The integrand has poles along the real axis when viewed as a complex function. My approach to solving this integral was to create a contour with two semicircles of radius $\epsilon$ and close the contour by creating a big semicircle. In other words, we would have a contour like the one in the figure below:

enter image description here

but instead of having a semicircle cutout near the origin there would be two at $\pm c$. One can then use the residue theorem.

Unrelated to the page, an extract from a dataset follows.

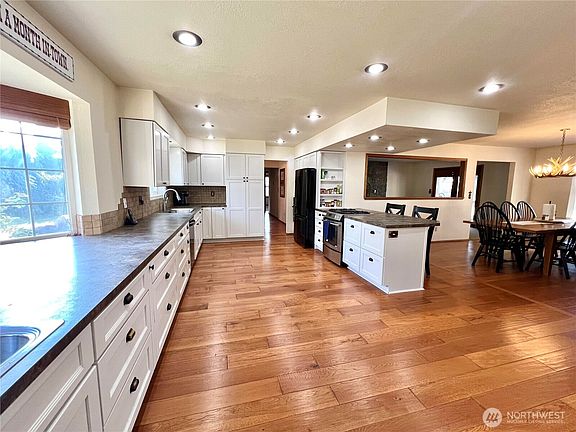 Westside 4-bedrm, 3,100 SF on 4.94 acres w/irrigation. Lge kitchen w/expansive counter space! Spacious open layout - great rm, living rm w/FP & rec rm w/wetbar. Primary suite is a true haven, features remodeled bathrm & Fr drs that open to deck w/a hot tub. Abundance of storage throughtout! Outside private oasis, Trex deck, lush landscaping, flower beds & lg decorative rocks. Custom gazebo-ideal BBQ space. Fully-equipped shop w/a heated garage, 240 pwr, workbenches, 1/2 bth & rm for your projects. Equestrian enthusiasts will appreciate the fully fenced & cross-fenced pastures + barn w/4 stalls, tack rm & large covered area for tacking up or hay storage. For the green thumb, there's a garden space w/fruit trees.Paved circle driveway!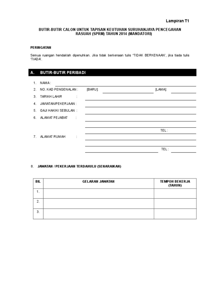 Jika tidak berkenaan tulis tidak berkenaan nama. Lampiran t1 butir butir calon untuk tapisan keutuhan suruhanjya pencegahan rasuah malaysia sprm tahun 2015 mandatori peringatan semua ruangan hendaklah dipenuhkan. Kad pengenalan 2 1 baru 2 2 lama 3. Butir butir calon untuk tapisan keutuhan.

I made a post about this integral on physics SE: https://physics.stackexchange.com/q/800770/288281. In that post I was surprised to find out that the choice of contour does matter and will give different answers, in contrast to something like $$\int_{-\infty}^\infty \frac{\sin(x)}{x}dx$$ which does not depend on the choice of contour. This is briefly discussed in this question: When does the value of a complex contour integral depend on the choice of the contour of integration?.

I have two questions:

  1. When does the value of an integral over the real line, when computed using complex contour integration, depend on the choice of contour and why?
  2. The approach used to solve this integral in physics textbooks is also to use the residue theorem, but they first push the poles slightly above or below the real axis and then take a limit. So the integral becomes $$\lim_{\epsilon \rightarrow 0} \int_{-\infty}^\infty \frac{1}{2\pi i} \frac{-e^{-ix(a-b)}}{x^2 - c^2 + i\epsilon} dx.$$ Why is it necessary to push the poles above/below the real axis? What is wrong with the contour approach I described above which keeps the poles on the real axis? Is this because the integral is not well defined?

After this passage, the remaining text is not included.